Leave the pictures aside. Retype exactly the lines from the top of the data below through the one holding "Lieder und Musik".

[SUPPLIED INFORMATION]

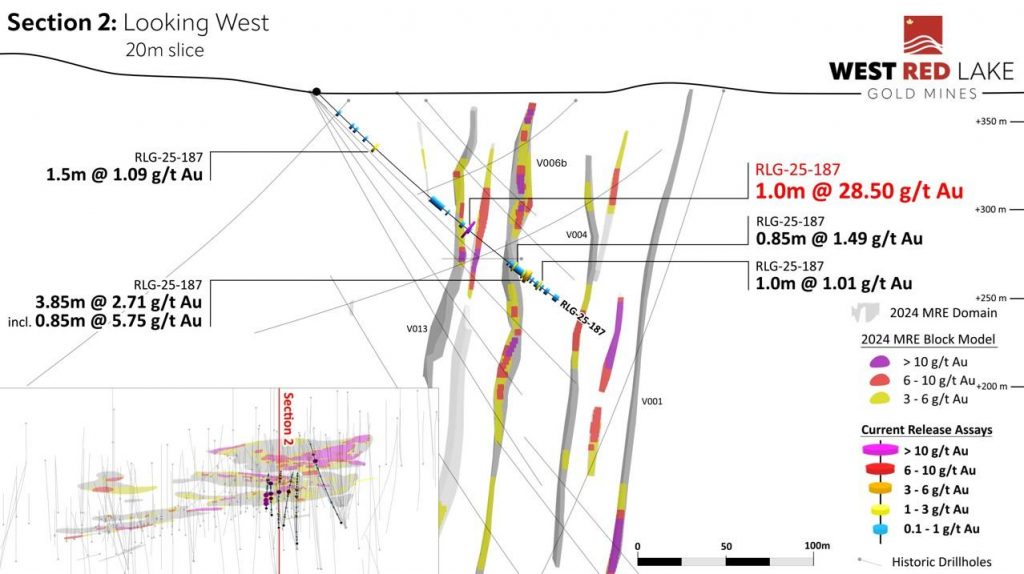 FIGURE 6. Rowan drill section showing assay highlights for Hole RLG-25-187[1].
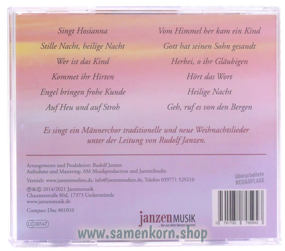 Lieder und Musik zu Weihnachten:   Aus dem Himmel auf die Erde Ich steh an deiner Krippen hier (Instrumental) Das Licht aus der Höhe Herbei, o ihr Gläubigen (Instrumental) Unser Heiland ist nun da Tot kto dwigaet mirami (Instrumental) Wo das Dunkel nicht mehr hell wird Stille Nacht (Instrumental) In eine Welt voller Dunkelheit Tochter Zion / Gloria (Instrumental) Weihnacht heißt, nach Hause kommen   CD
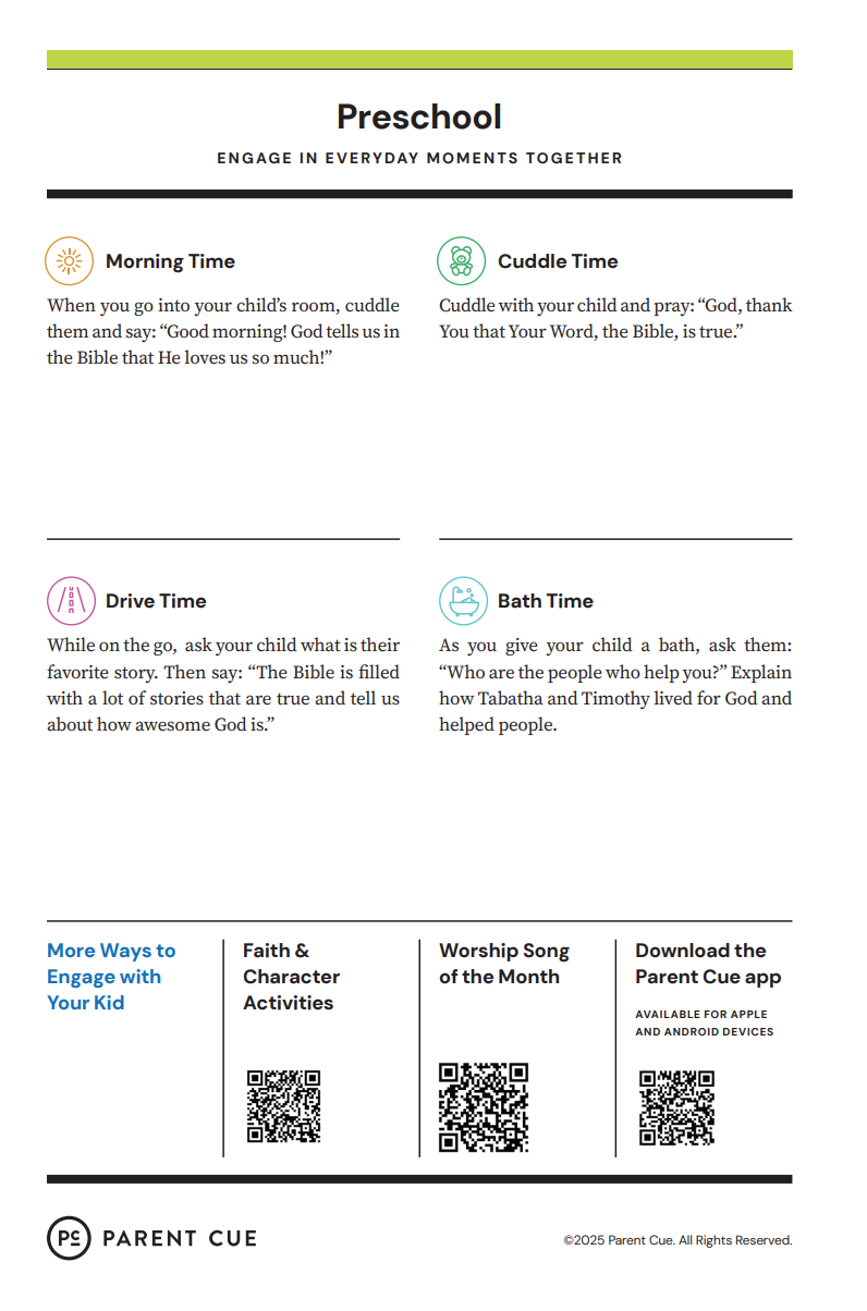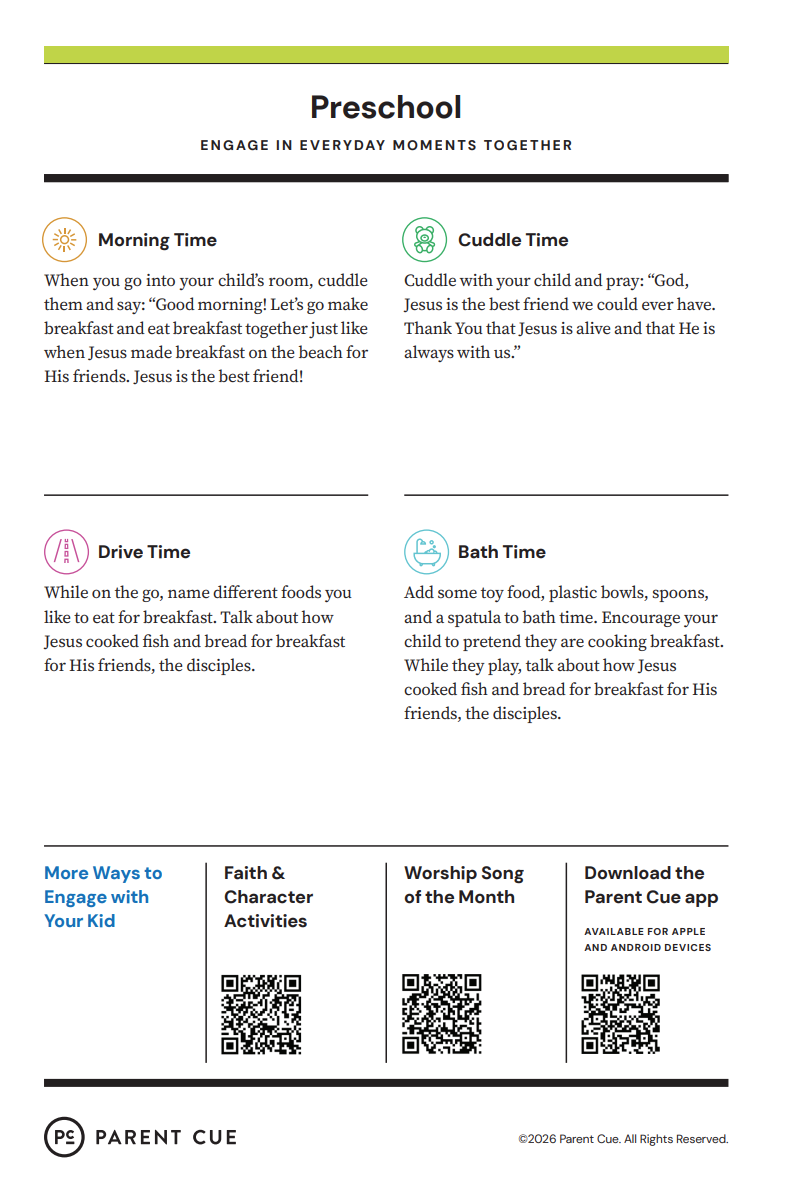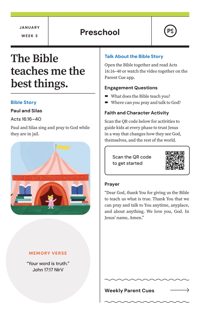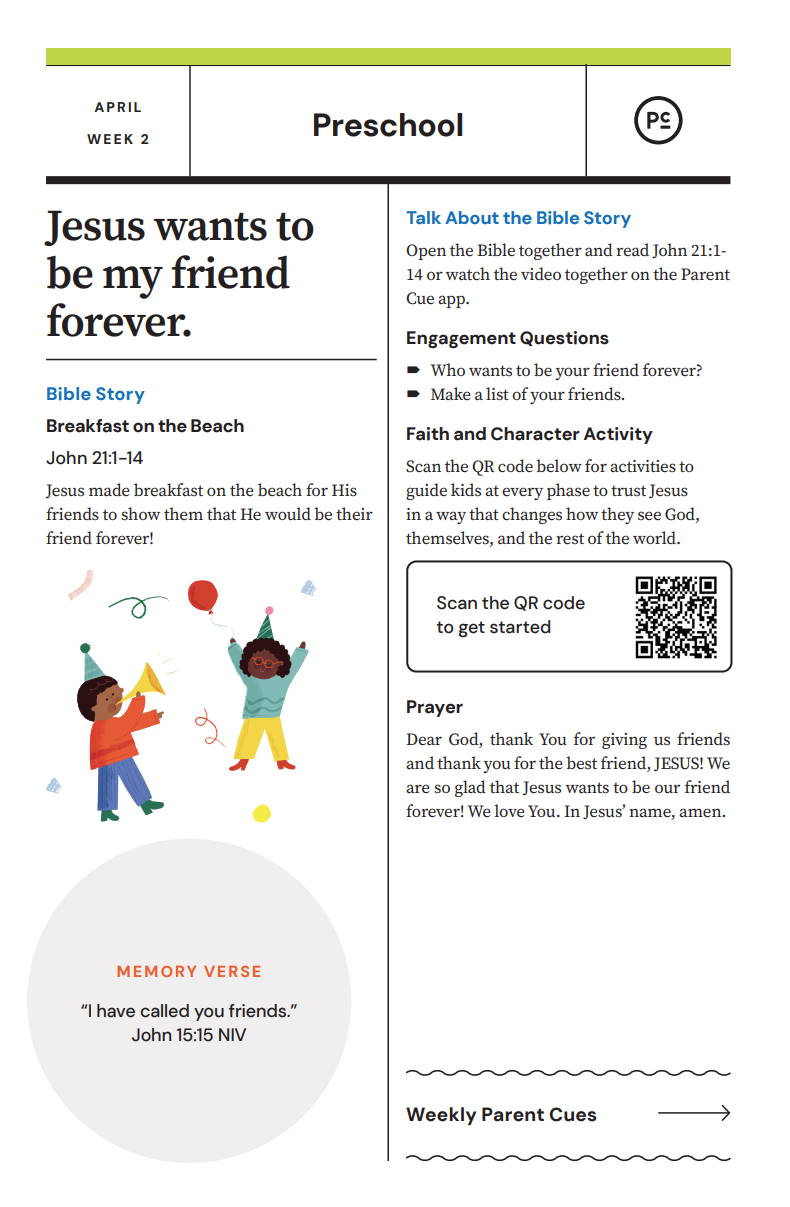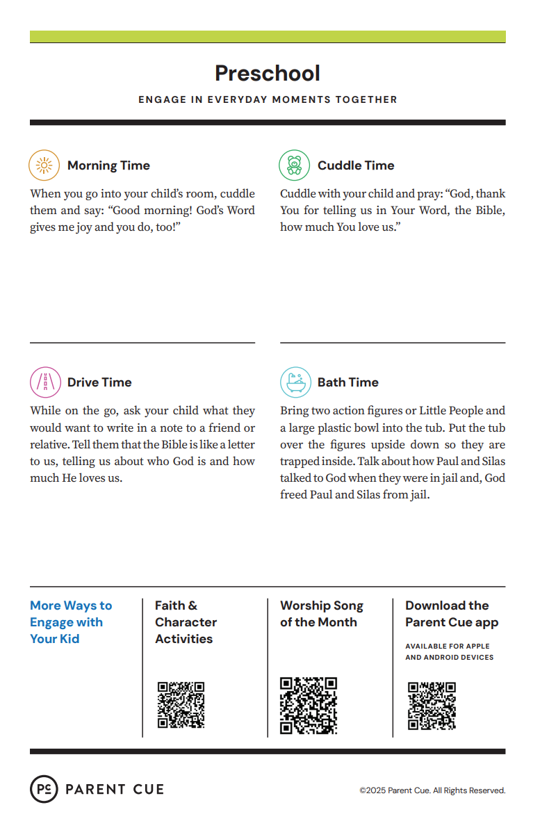 After you have completed the Check-In process & taken your child to his or her room, wave a quick good-bye & head into the adult worship service! As you know, it is common for little ones to cry when a parent leaves, and if this happens our volunteers will immediately engage your child in a toy or activity and ensure your child that you will return soon. If your child cries for an extended period of time or needs you for some reason, we will put your parent/guardian code on the top right hand corner of the auditorium screen!
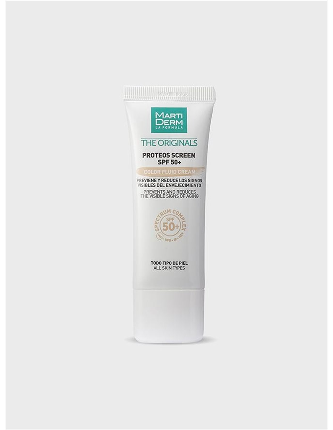 Martiderm Proteos Screen SPF50+ Color Fluid Cream 40ml es un protector solar que protege de los rayos UVA, UVB, IR y HEV evitando quemaduras, ayuda a unificar el tono de la piel y a prevenir el fotoenvejecimiento.
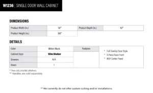 Be the first to review “Elite Black Slim Shaker Single Door Wall Cabinet – 12″ W x 36″ H x 12″ D” Cancel reply
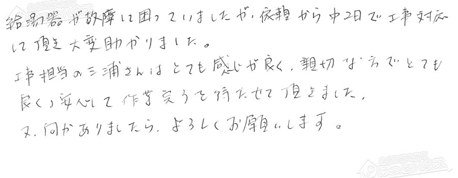 給湯器交換の評判
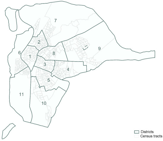 Seville, the capital of the autonomous community of Andalusia, is located in southern Spain (coordinates 37.38863, −5.99534). Seville has a population of 693,229 inhabitants and is the fourth most populous city in Spain [28] and the most populous city in Andalusia. This city is located on an alluvial plain formed by the Guadalquivir River [29], which generates a relatively flat terrain at an average elevation of 5 masl [30]. Seville has an area of 140.52 km2 [31] and is composed of 532 census tracts grouped into 11 districts (Figure 1 and Table 1). The distribution of the average annual income per household among the districts shows a marked socioeconomic heterogeneity in Seville. In this sense, the district of “Los Remedios” shows the highest average incomes, in contrast to the district of “Cerro-Amate,” which shows the lowest average incomes [32].

[/SUPPLIED INFORMATION]

# [RESPONSE TO THIS EXERCISE]
 FIGURE 6. Rowan drill section showing assay highlights for Hole RLG-25-187[1].
 Lieder und Musik zu Weihnachten:   Aus dem Himmel auf die Erde Ich steh an deiner Krippen hier (Instrumental) Das Licht aus der Höhe Herbei, o ihr Gläubigen (Instrumental) Unser Heiland ist nun da Tot kto dwigaet mirami (Instrumental) Wo das Dunkel nicht mehr hell wird Stille Nacht (Instrumental) In eine Welt voller Dunkelheit Tochter Zion / Gloria (Instrumental) Weihnacht heißt, nach Hause kommen   CD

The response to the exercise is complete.